Problem description: Provide again, from the entries below, every line from the one containing "Расстояние от дна" through the one containing "- Beschreibung: Schlacht", exactly as written, and no other line.

──────── Input data

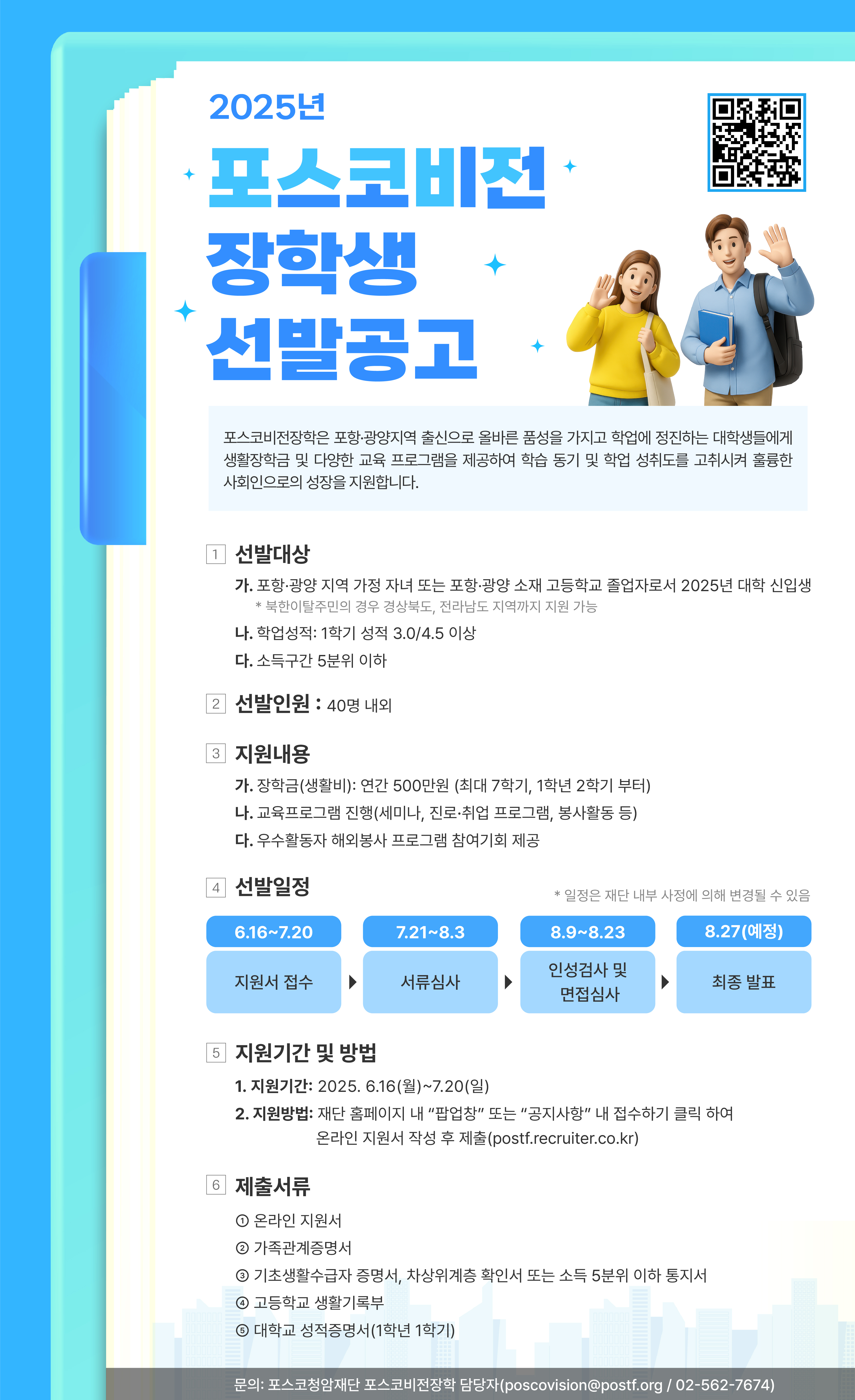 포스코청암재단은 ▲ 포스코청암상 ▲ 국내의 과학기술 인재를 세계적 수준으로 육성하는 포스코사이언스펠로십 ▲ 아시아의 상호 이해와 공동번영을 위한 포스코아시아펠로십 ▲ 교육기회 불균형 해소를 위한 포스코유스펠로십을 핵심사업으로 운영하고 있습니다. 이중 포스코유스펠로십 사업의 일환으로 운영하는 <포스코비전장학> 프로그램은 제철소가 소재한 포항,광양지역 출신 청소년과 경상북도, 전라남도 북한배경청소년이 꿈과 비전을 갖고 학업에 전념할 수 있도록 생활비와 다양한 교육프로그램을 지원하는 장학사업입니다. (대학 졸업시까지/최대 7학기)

────────────────
──────── Input data

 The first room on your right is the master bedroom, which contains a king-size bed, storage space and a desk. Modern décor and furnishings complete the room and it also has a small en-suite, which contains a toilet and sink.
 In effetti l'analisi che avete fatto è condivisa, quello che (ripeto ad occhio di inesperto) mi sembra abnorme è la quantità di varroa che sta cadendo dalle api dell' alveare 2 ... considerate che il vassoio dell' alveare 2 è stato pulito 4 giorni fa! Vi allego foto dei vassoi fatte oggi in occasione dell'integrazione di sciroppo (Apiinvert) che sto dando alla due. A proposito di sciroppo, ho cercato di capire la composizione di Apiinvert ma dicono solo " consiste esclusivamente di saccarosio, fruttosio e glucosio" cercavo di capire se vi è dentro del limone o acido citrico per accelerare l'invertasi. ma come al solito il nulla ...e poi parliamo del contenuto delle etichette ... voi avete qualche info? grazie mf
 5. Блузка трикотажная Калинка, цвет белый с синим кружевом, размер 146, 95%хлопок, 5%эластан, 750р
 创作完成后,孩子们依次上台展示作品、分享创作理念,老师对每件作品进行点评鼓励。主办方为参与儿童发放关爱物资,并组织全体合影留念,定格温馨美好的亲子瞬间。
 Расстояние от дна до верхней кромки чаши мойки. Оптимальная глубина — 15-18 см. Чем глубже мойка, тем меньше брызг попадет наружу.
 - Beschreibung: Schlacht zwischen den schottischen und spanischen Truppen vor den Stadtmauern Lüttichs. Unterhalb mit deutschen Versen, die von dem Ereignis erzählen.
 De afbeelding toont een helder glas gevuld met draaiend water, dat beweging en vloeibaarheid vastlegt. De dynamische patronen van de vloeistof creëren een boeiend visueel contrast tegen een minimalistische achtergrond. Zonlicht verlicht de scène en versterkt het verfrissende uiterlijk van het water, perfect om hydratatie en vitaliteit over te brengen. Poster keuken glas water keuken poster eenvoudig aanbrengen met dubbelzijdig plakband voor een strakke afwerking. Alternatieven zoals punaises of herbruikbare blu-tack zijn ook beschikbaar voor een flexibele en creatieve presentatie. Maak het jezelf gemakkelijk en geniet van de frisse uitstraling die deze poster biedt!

────────────────

Response:
 Расстояние от дна до верхней кромки чаши мойки. Оптимальная глубина — 15-18 см. Чем глубже мойка, тем меньше брызг попадет наружу.
 - Beschreibung: Schlacht zwischen den schottischen und spanischen Truppen vor den Stadtmauern Lüttichs. Unterhalb mit deutschen Versen, die von dem Ereignis erzählen.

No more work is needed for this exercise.